Excerpts from a dataset
※ ※ ※

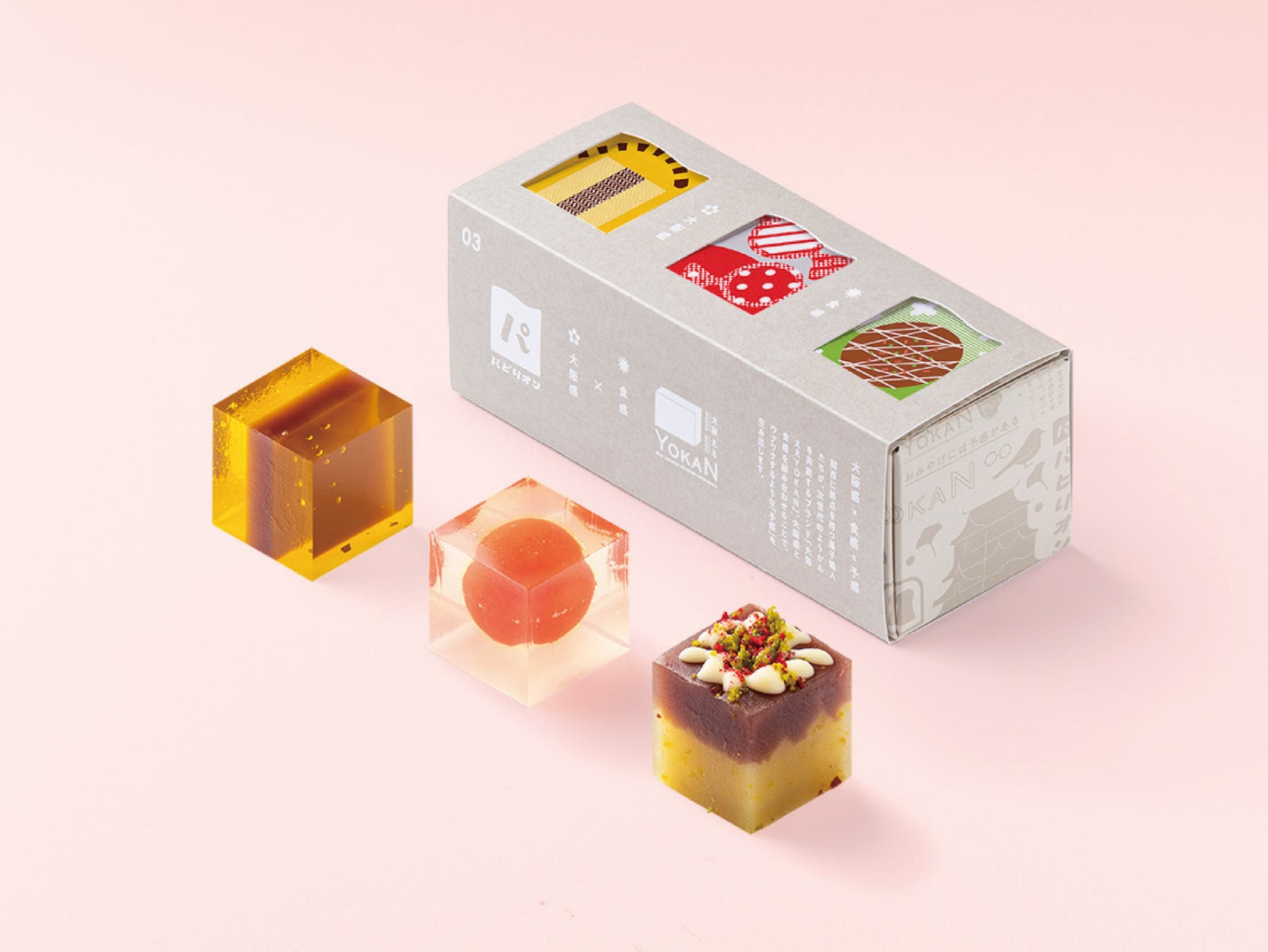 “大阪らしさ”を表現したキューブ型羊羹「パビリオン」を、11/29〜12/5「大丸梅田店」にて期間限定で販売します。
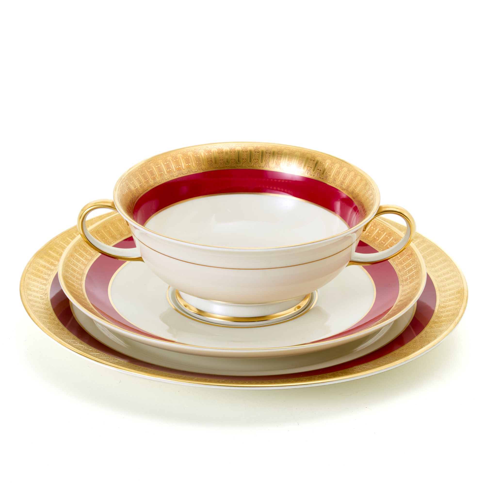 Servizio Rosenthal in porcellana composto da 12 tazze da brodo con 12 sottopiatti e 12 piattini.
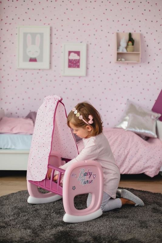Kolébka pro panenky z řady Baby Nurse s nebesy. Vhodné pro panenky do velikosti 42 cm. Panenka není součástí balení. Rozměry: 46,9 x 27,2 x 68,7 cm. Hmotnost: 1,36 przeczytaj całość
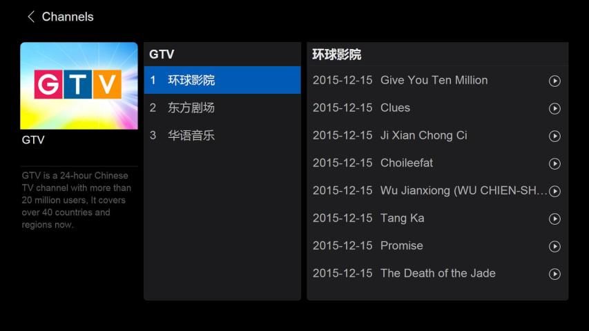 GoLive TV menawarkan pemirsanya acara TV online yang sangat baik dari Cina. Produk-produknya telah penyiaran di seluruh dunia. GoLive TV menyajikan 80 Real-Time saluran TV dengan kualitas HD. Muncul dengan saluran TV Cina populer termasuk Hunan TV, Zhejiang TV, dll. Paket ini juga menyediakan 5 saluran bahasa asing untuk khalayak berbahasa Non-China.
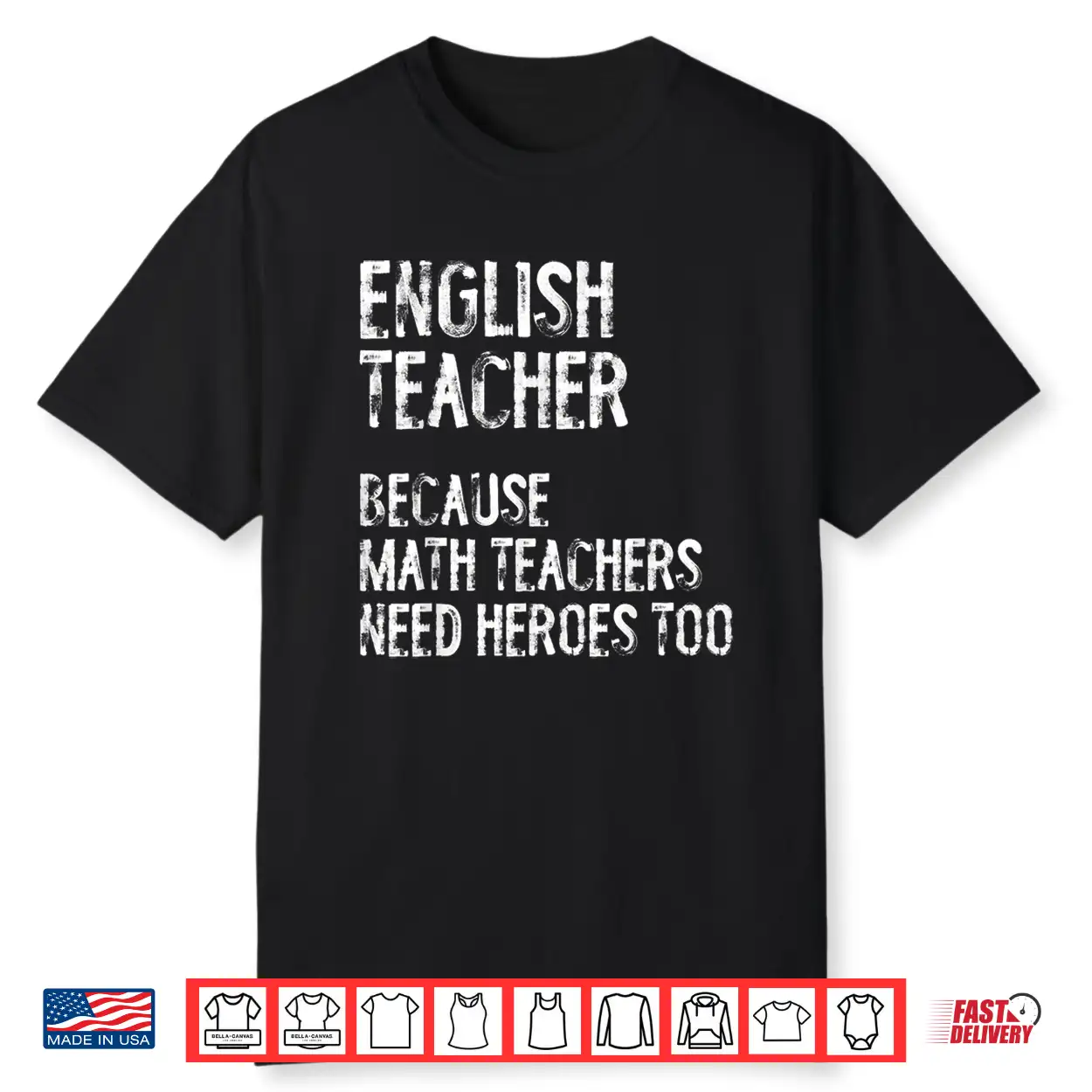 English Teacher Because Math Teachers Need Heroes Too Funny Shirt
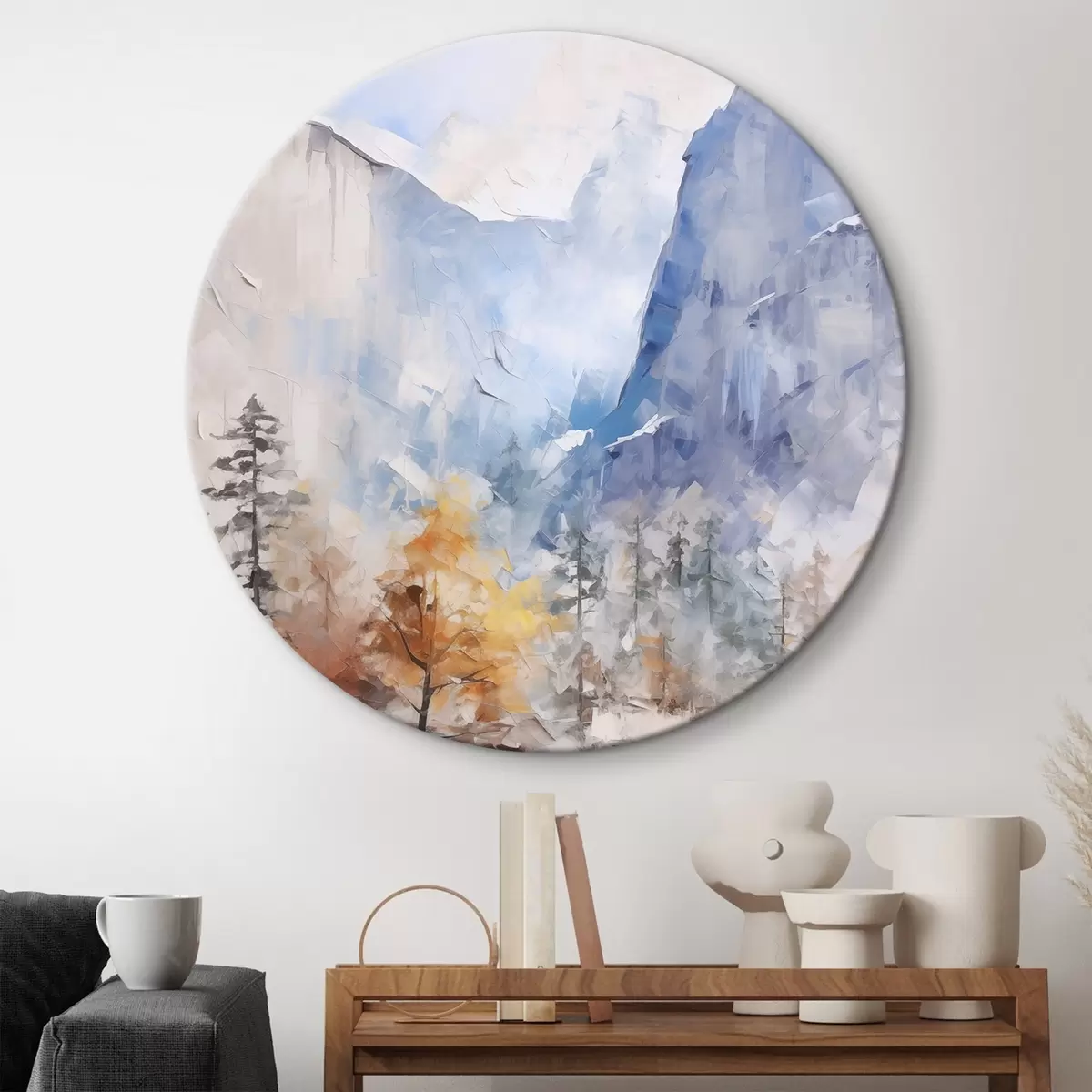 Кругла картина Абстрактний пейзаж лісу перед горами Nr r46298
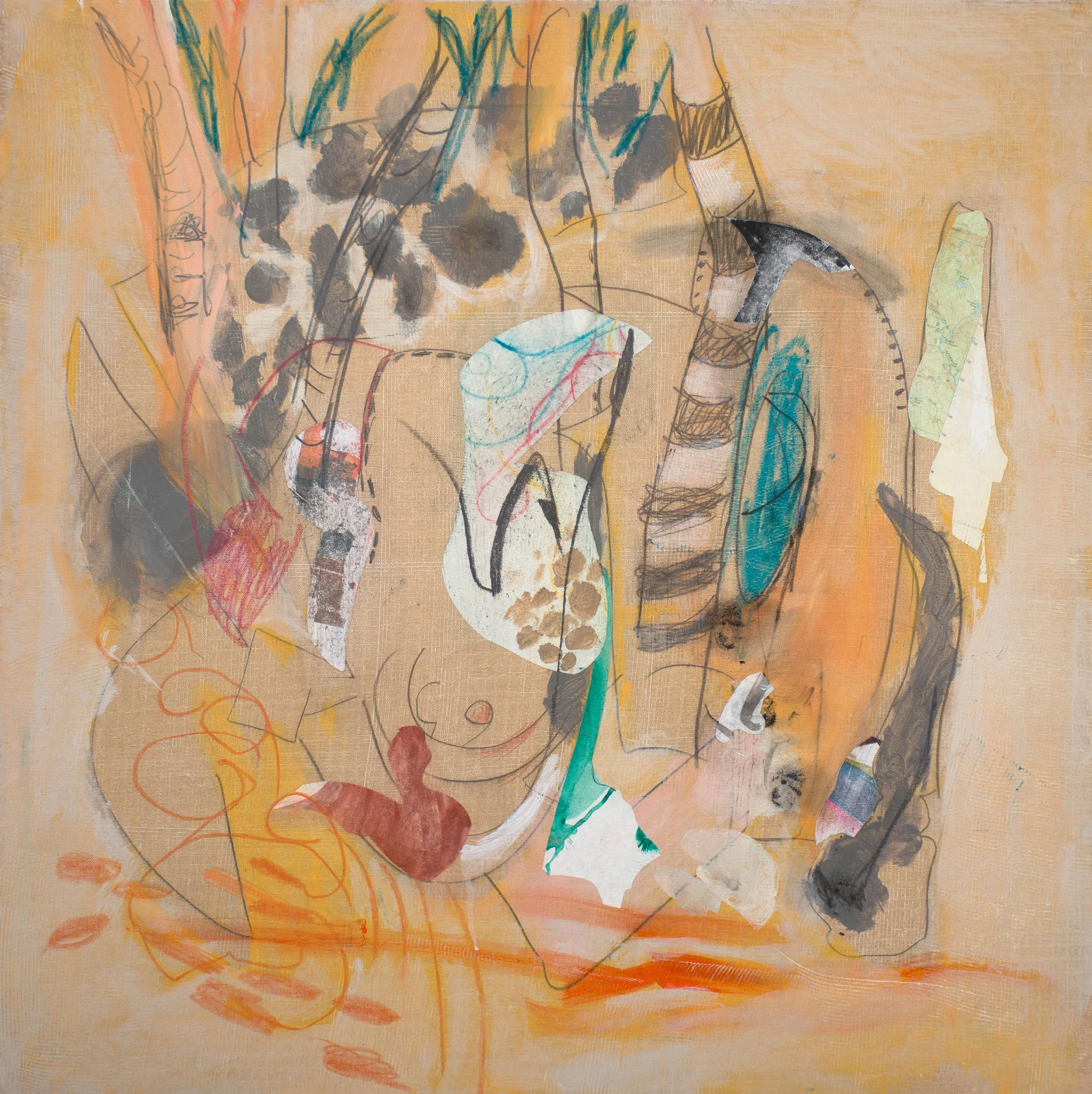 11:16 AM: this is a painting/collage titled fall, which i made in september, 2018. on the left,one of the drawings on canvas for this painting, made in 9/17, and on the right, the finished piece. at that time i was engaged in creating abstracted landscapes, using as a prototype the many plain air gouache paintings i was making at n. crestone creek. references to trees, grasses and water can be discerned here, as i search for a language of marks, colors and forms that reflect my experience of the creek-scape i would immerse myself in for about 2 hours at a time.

※ ※ ※

Task statement: Write out again every line above exactly as given; the pictures do not belong in the copy.

Task answer:
 “大阪らしさ”を表現したキューブ型羊羹「パビリオン」を、11/29〜12/5「大丸梅田店」にて期間限定で販売します。
 Servizio Rosenthal in porcellana composto da 12 tazze da brodo con 12 sottopiatti e 12 piattini.
Kolébka pro panenky z řady Baby Nurse s nebesy. Vhodné pro panenky do velikosti 42 cm. Panenka není součástí balení. Rozměry: 46,9 x 27,2 x 68,7 cm. Hmotnost: 1,36 przeczytaj całość
 GoLive TV menawarkan pemirsanya acara TV online yang sangat baik dari Cina. Produk-produknya telah penyiaran di seluruh dunia. GoLive TV menyajikan 80 Real-Time saluran TV dengan kualitas HD. Muncul dengan saluran TV Cina populer termasuk Hunan TV, Zhejiang TV, dll. Paket ini juga menyediakan 5 saluran bahasa asing untuk khalayak berbahasa Non-China.
 English Teacher Because Math Teachers Need Heroes Too Funny Shirt
 Кругла картина Абстрактний пейзаж лісу перед горами Nr r46298
 11:16 AM: this is a painting/collage titled fall, which i made in september, 2018. on the left,one of the drawings on canvas for this painting, made in 9/17, and on the right, the finished piece. at that time i was engaged in creating abstracted landscapes, using as a prototype the many plain air gouache paintings i was making at n. crestone creek. references to trees, grasses and water can be discerned here, as i search for a language of marks, colors and forms that reflect my experience of the creek-scape i would immerse myself in for about 2 hours at a time.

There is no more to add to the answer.